# New girl from Cardiff



## Gaby.Kerso (Aug 13, 2012)

Hi everyone im Gab  
I have just sold my car and i am looking to buy a Mark 1 225 coupe
Is there anything i should look for trouble wise?
Do people advertise their TTs for sale on here as i am unable to find them anywhere 
I look forward to finding my way around the forum and keeping you all updated 

Gab


----------



## Hoggy (May 8, 2002)

Hi Gab, Welcome to the TTF.
Service history is very important. cambelt/water pump every 65k miles or 5 years which ever comes first, dash instruments (dashpod) read correctly, coolant temp reaches 90 within a couple of miles & stays there.
Get written confirmation of cambelt/water pump change or reduce price by £500 & get it replaced ASAP.
3.2 V6 no turbo or cambelt to worry about, so should be more reliable, DSG may be weak link, unless you can find a manual.& a nicer exhaust note.
Don't rush into it. A good TT is a wonderful car, a bad un can be a money pit.
Plenty of good uns out there, but probably more bad uns, so as I said don't rush into it.

The Market Place has restrictions for new TTF members, due to the folowing.
The TTF has recently had probs with scammers & fraud posters & registering and verifying your personal details with the TTOC provides the forum community with some security in case of fraud, so helps us all.
So join in & increase your post count on the TTF community or join the TTOC to unlock the full site features...Only £15 to join as a Web member.
http://www.ttoc.co.uk/shop/index.php?ma ... a27333e6cf
Hoggy.


----------



## Gaby.Kerso (Aug 13, 2012)

Thank you for the quick reply.
I have had a little look around already and saw the market place rules 
I had best get posting away 

Gab


----------



## Hoggy (May 8, 2002)

Hi Gab, That's it, keep posting & asking questions, you will soon get access.
Hoggy.


----------



## YELLOW_TT (Feb 25, 2004)

Welcome


----------



## Gaby.Kerso (Aug 13, 2012)

I'm full of questions 
How will i know if the dashpod is faulty or are there any warning signs?
Last thing i want to do is throw my money at an electrical disaster.
Are they prone to rusting anywhere or is there any mechanical issues to be wary of?

Gab


----------



## Hoggy (May 8, 2002)

Hi Gab, Dashpod probs are difficult to detect on a quick test drive, unless gauges don't work, common probs are faulty readings on coolant temp & fuel level gauges.
No real rust probs, roof rails bubble/corrode, but that not rust just poor prep of the aluminium at the factory, but something to look for & reduce price perhaps. 
Hoggy.


----------



## JamesR (Jul 11, 2008)

Welcome Gaby! Always nice to see locals here

James


----------



## Gaby.Kerso (Aug 13, 2012)

Cheers again Hoggy i have seen one or two with the roof issue i assumed they had been badly resprayed at some point so left them.
As for the dashpod i shall keep my eye on all gauges while driving. 

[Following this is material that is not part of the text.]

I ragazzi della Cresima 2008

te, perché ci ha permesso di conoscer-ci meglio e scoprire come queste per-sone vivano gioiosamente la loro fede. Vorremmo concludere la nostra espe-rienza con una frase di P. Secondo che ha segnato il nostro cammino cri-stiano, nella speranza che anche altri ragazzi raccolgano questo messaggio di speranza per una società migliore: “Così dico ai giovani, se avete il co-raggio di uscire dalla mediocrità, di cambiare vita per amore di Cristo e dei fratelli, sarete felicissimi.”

Are there many get togethers around the south wales/bristol area?

Gab


----------



## JamesR (Jul 11, 2008)

Yes gab there are sometimes, although I've never been but I'd imagine they are all amazing! Afterall we are all like minded people!

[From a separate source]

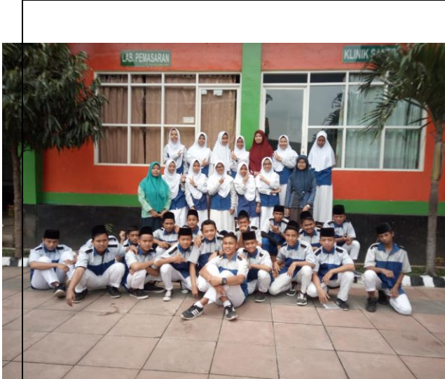
foto bersama kelas XI SMK AL-INAYAH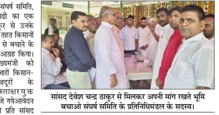
सांसद देवेश चंद्र ठाकुर से मिलकर अपनी मांग रखते भूमि बचाओ संघर्ष समिति के प्रतिनिधिमंडल के सदस्य।

सीतामढ़ी (एनएसबी)। भूमि बचाओ संघर्ष समिति, (सेटेलार्ड सीतापुरम प्रोजेक्ट), सीतामढ़ी का एक प्रतिनिधिमंडल सांसद देवेश चंद्र ठाकुर से उनके आवास पर मिलकर सेटेलार्ड प्रोजेक्ट के तहत किसानों की भूमि छिने तथा गांवों को विस्थापन से बचाने के लिए मुख्यमंत्री स्तर पर पहल करने का आग्रह किया।

Where are you currently looking for a Tt? What sites?


----------



## Mark Davies (Apr 10, 2007)

Welcome Gaby. Thanks very much for accepting the marketplace restrictions so gracefully - there are many others who whinge and moan. There are about a dozen Mk1's posted in the sales section since the start of the month and there are some good cars among them, so it would be worth the effort getting access, either through posting or joining the TTOC. There may be something there to suit you.

MK1 TTs are an odd marketplace - they were an extremely popular car when new, and mainly because they look so good. A lot of them were bought by people who are not really motoring enthusiasts so while there are loads out there a good proportion of them haven't been that well looked after. Consequently it pays to take your time to look for a good one, and buying one from here wouldn't be a bad place to start.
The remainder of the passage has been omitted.